In 1987, forty-two percent of dogs were 6 years old or older, according to the American Veterinary Medical Association. In 2011, that number had risen to 48 percent. The percentage of senior cats is growing at an even faster rate. In 1987, 29 percent of cats were 6 years old or older. By 2011, 50 percent of cats were “of a certain age.”
But strollers aren’t just for infirm or elderly pets. Some are for perfectly mobile pets who are more child than pooch. Because dogs can be zipped securely into their strollers, the carriages allow pets to accompany owners on an entire day’s worth of activities.
“We like to include our dogs in what we do,” said stroller-user Debby Vogel, the owner of three Chihuahuas, a 14-year-old with mobility issues, and two 9-year-olds who know a good thing when they see it. “The girl is lazy,” Vogel, the Animal Rescue League of Boston’s volunteer services manager, said of one of her younger dogs, “and the boy is nervous when people loom over him. In crowds he gets freaked out.”
Time was when dogs like that would have stayed at home, but that time is not 2012. In fact, Vogel and her husband, a muscular mixed martial arts fighter confident enough to push a dog stroller, are so eager to bring their dogs along that they have assembled a stroller wardrobe, one for off-road, one for in-town. “Our son is in college and [the dogs] are the second kids,” Vogel said, laughing.
The stroller trend started to build about five or six years ago, said Tierra Bonaldi, a “pet lifestylist” with the American Pet Products Association, and it’s moved from strictly small-dog doll-style strollers to joggers strong enough to hold a 150-pound dog, and manly enough for even macho men to be seen with.
With their drink holders, sun shades, rear-locking breaks, storage bins — and soaring prices — pet strollers are following the trend in the (human) baby stroller world, Bonaldi said. “It’s crazy. Some cost hundreds of dollars.”

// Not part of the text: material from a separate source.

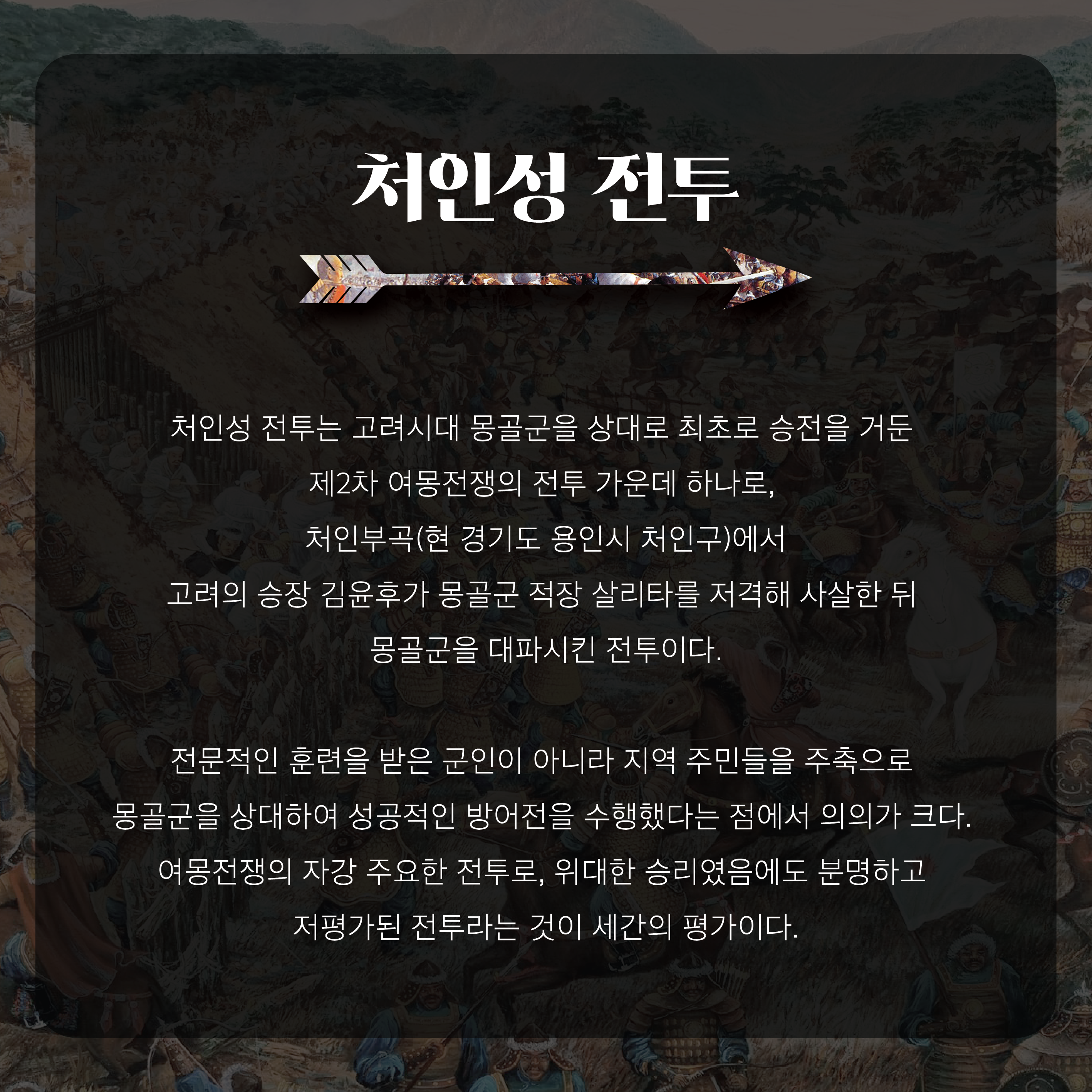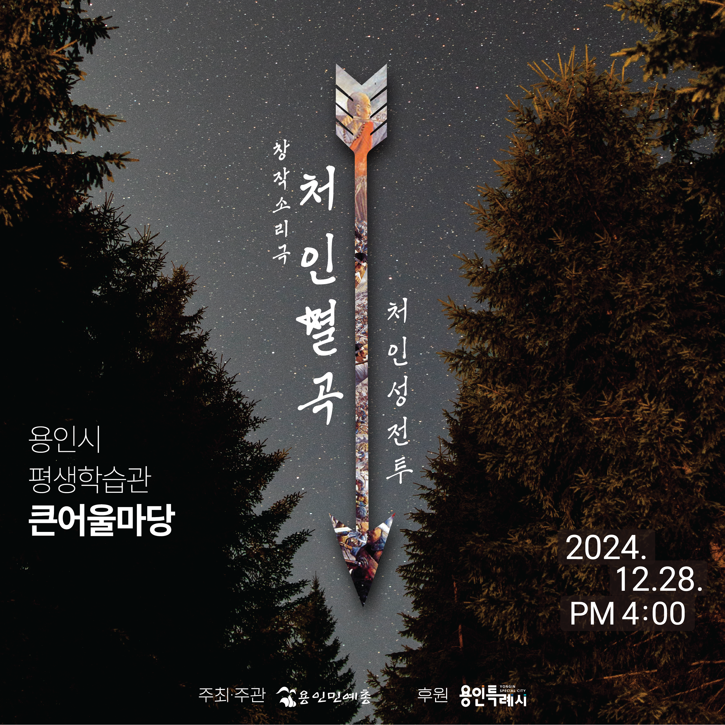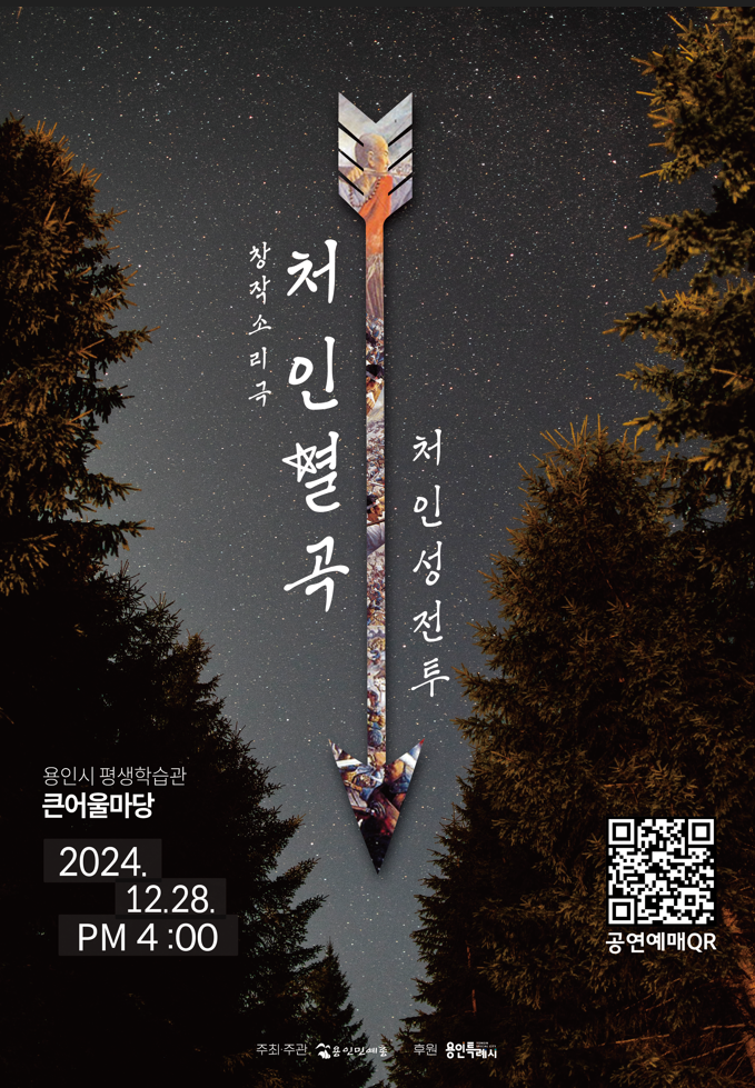 용인민예총에서 오는 12월 28일에 처인성 전투를 모티브로 한 창작소리극 <처인별곡(處仁別曲)>을 용인지역 예술가들이 그날의 숨결을 생생히 전합니다.⚔

On the Uncommondog.com website, The DoggyRide Lightweight Jogger-Stroller will run an owner $359.10, and is built on a light aluminum-alloy frame. On Amazon, the PetZip Happy Trailer jogger goes for $265, and comes in a jaunty red or a nice blue, and a Pet Gear Expedition stroller goes for $197. Pricey? Perhaps, but as one reviewer noted, the gear is not solely for the benefit of the pets. “The stroller was the perfect answer to the problem of our dogs tiring out before we did,” N. Brabec wrote, “and it has allowed us to take even longer walks.”
In South Boston, a pink stroller emblazoned with paw prints allows Maureen Berry, an assistant manager at the Fenway Bark dog hotel, to commute from Roslindale with one or two of her three dogs. The trip involves the Silver Line, the Red Line, and the Orange line, and wouldn’t be doable without wheels.
“What do you think, bud?” Berry asked on a recent afternoon as she and Nicholas, her 13-year-old Yorkie, left work. The 18-pound pooch, youthful but with mobility problems, sat upright in his carriage, the wind of Boston Harbor ruffling his tan and black fur, his adorable black nose sniffing like mad. Berry scratched his head and smiled as the pair made their way home, together.